• _About this task_
Your task is to output the listing word for word, with pictures excluded.

[Opening Data excerpt section]

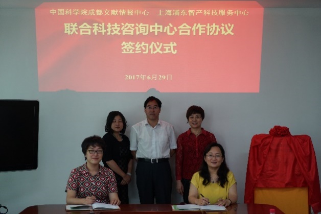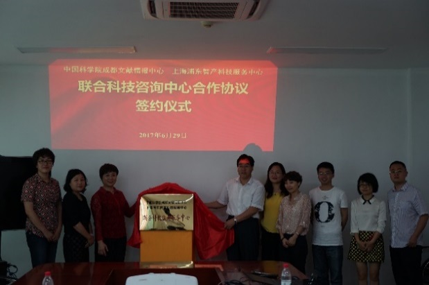2017年6月29日,上海浦东新区知识产权局副局长鲍英、专利促进处处长何瑛,上海浦东智产科技服务中心主任孔佳薇、副主任叶青一行4人访问中国科学院成都文献情报中心,就知识产权研究与服务工作举行交流座谈会,并举行了中科院成都文献情报中心与上海浦东智产科技服务中心共建“联合科技咨询服务中心”的合作协议签约仪式。成都文献情报中心主任张志强、副主任杨志萍,以及学科咨询服务部、情报研究部、信息技术部等部门相关负责人等参加座谈会与签约仪式。张志强主持座谈会。
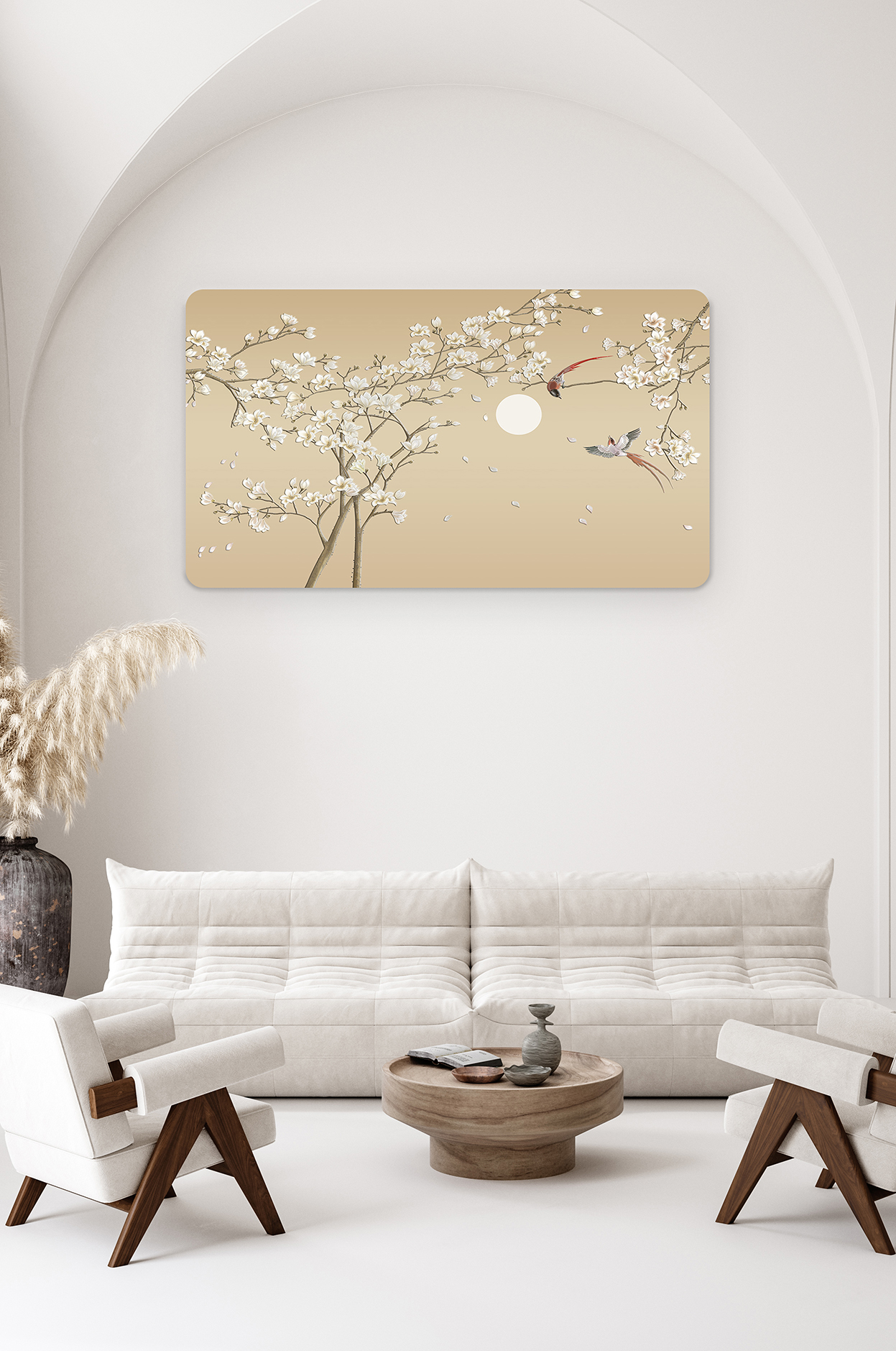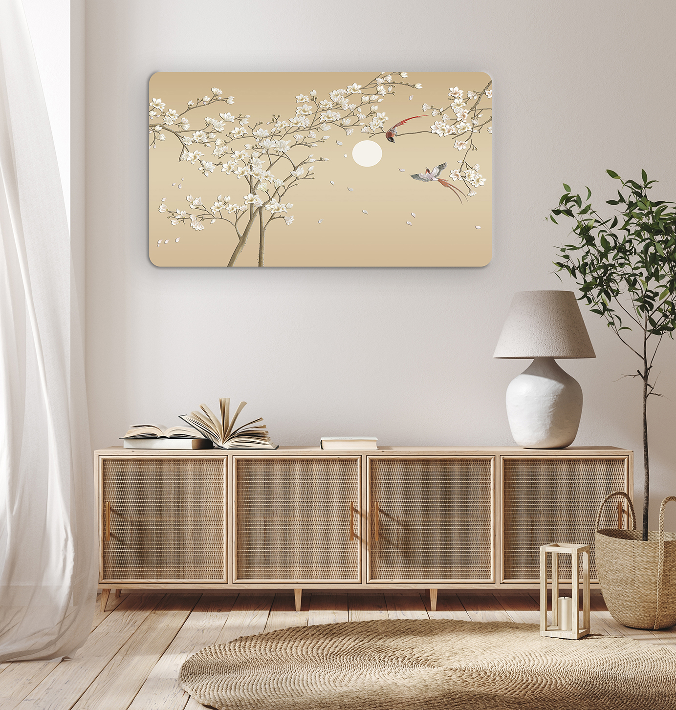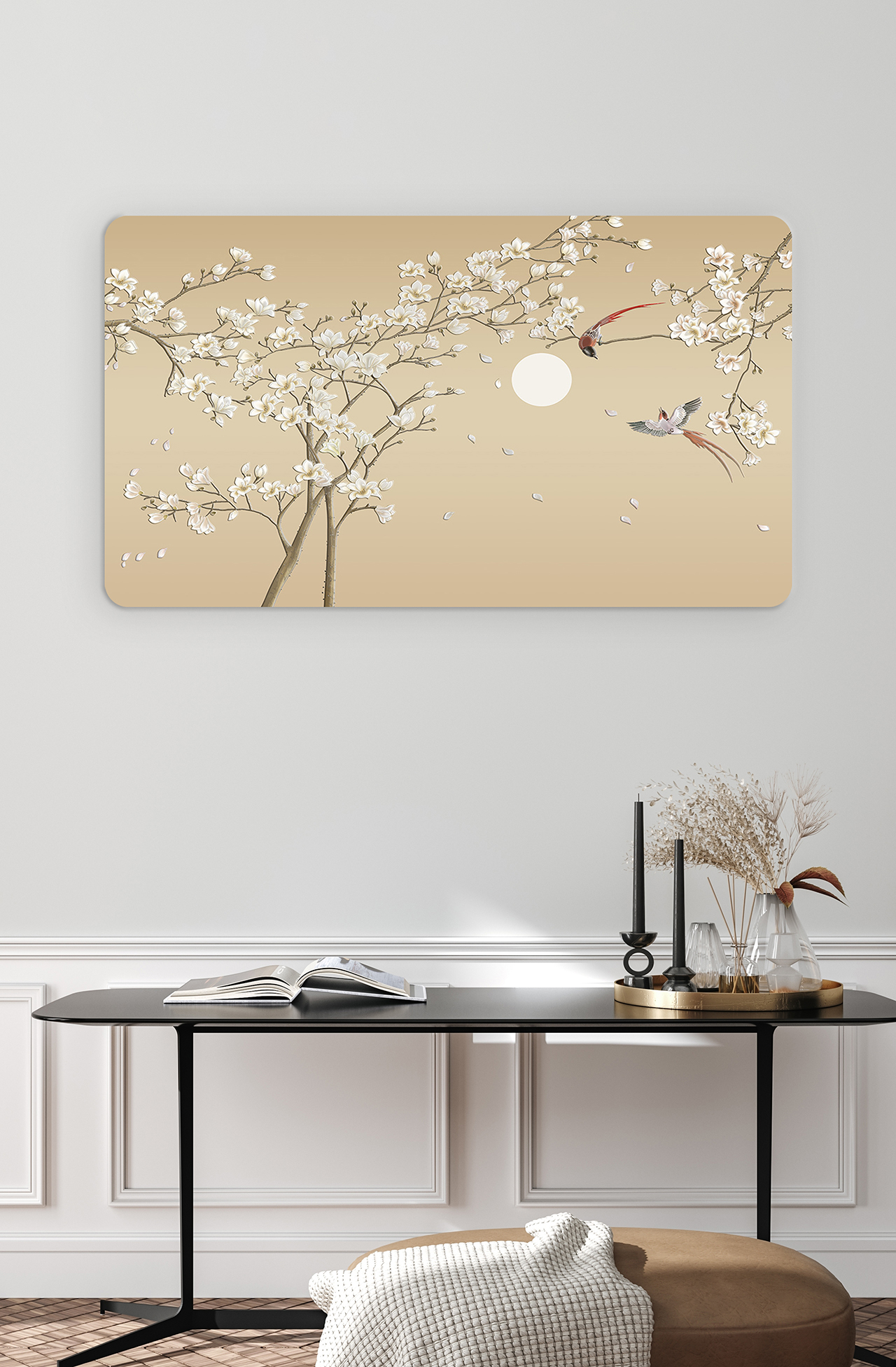 Çiçekli Ağaçlar ve Kuşlar Duvar Kağıdı – Sade ve Şık Tasarım 🎨🚂
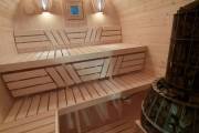 Замечательная расстановка в парной: широкие полки поставлены углом, а печь сбоку. Поверьте нашему многолетнему опыту — это и правда самый удобный вариант.

[Closing Data excerpt section]

• _Solution_
2017年6月29日,上海浦东新区知识产权局副局长鲍英、专利促进处处长何瑛,上海浦东智产科技服务中心主任孔佳薇、副主任叶青一行4人访问中国科学院成都文献情报中心,就知识产权研究与服务工作举行交流座谈会,并举行了中科院成都文献情报中心与上海浦东智产科技服务中心共建“联合科技咨询服务中心”的合作协议签约仪式。成都文献情报中心主任张志强、副主任杨志萍,以及学科咨询服务部、情报研究部、信息技术部等部门相关负责人等参加座谈会与签约仪式。张志强主持座谈会。
 Çiçekli Ağaçlar ve Kuşlar Duvar Kağıdı – Sade ve Şık Tasarım 🎨🚂
 Замечательная расстановка в парной: широкие полки поставлены углом, а печь сбоку. Поверьте нашему многолетнему опыту — это и правда самый удобный вариант.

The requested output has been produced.